[RECORDS PROVIDED]:
--
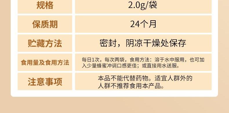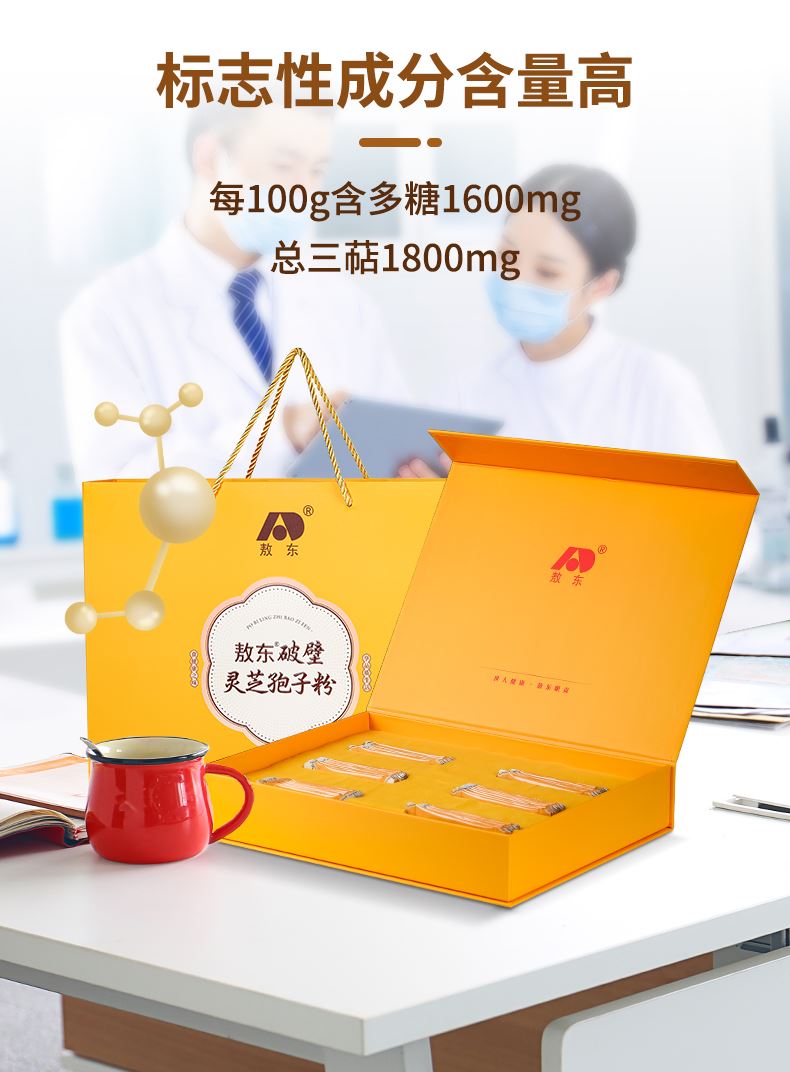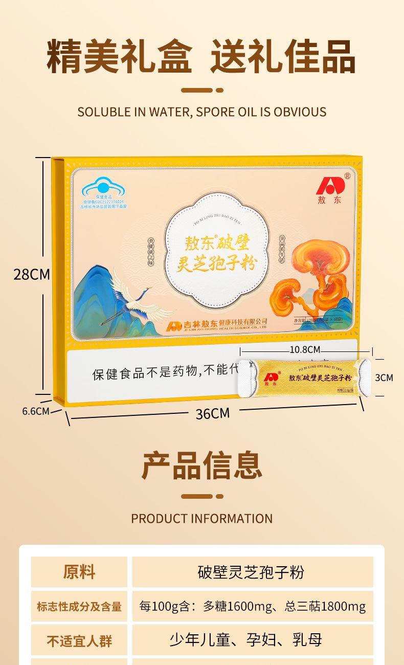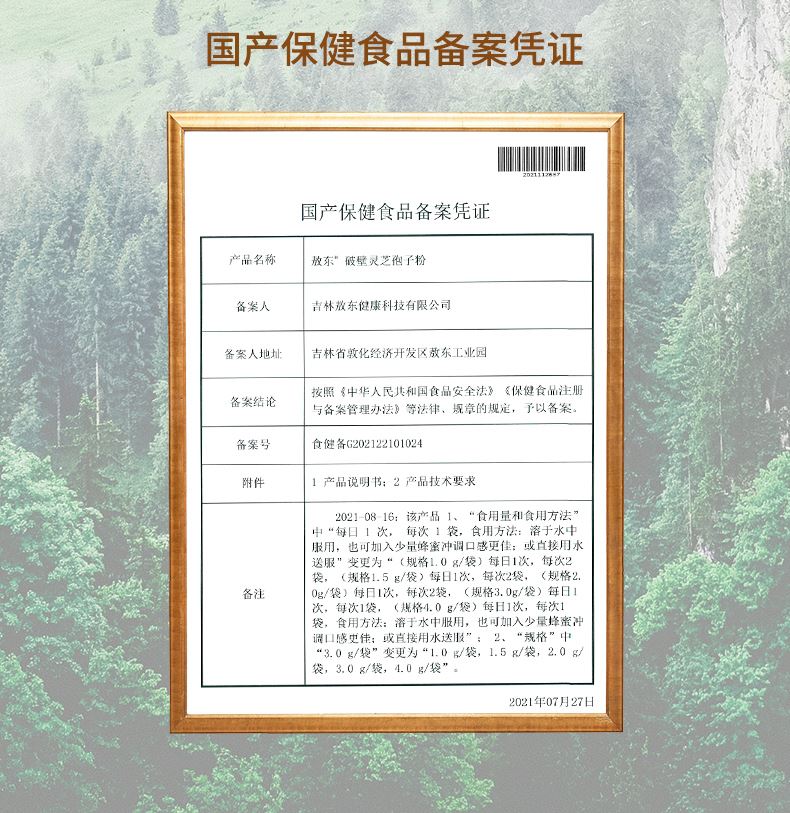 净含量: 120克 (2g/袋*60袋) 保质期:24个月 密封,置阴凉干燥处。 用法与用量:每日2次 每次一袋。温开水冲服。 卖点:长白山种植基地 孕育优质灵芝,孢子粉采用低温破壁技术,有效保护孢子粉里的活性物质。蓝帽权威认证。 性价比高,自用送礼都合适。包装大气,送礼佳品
--
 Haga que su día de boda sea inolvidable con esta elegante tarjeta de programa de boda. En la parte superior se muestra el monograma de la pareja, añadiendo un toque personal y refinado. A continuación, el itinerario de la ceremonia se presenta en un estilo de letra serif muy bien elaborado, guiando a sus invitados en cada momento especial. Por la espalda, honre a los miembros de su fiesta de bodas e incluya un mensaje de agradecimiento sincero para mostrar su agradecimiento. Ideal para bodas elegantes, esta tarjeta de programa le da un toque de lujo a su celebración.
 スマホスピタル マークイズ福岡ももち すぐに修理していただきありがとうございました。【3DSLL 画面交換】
--
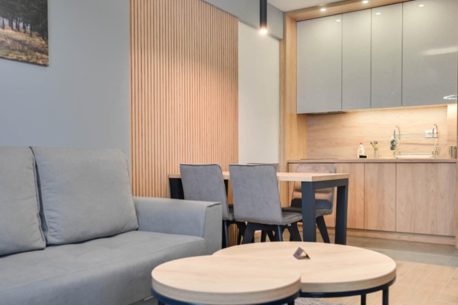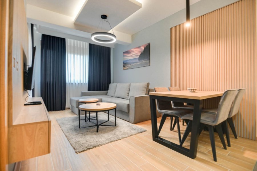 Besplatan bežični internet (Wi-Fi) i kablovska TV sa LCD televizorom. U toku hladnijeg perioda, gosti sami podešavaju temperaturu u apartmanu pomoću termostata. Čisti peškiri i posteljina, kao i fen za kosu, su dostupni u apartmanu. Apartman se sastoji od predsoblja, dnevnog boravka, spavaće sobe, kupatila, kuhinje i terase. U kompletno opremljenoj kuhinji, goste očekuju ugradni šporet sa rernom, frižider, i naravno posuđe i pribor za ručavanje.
--
[DIRECTIONS]: Out of the data above, set down the lines from the one with "Haga que su" to the one with "スマホスピタル マークイズ福岡ももち すぐに修理していただきありがとうございました。【3DSLL", both included, exactly as written and with no additions.

[REPLY TO THE EXERCISE]:
 Haga que su día de boda sea inolvidable con esta elegante tarjeta de programa de boda. En la parte superior se muestra el monograma de la pareja, añadiendo un toque personal y refinado. A continuación, el itinerario de la ceremonia se presenta en un estilo de letra serif muy bien elaborado, guiando a sus invitados en cada momento especial. Por la espalda, honre a los miembros de su fiesta de bodas e incluya un mensaje de agradecimiento sincero para mostrar su agradecimiento. Ideal para bodas elegantes, esta tarjeta de programa le da un toque de lujo a su celebración.
 スマホスピタル マークイズ福岡ももち すぐに修理していただきありがとうございました。【3DSLL 画面交換】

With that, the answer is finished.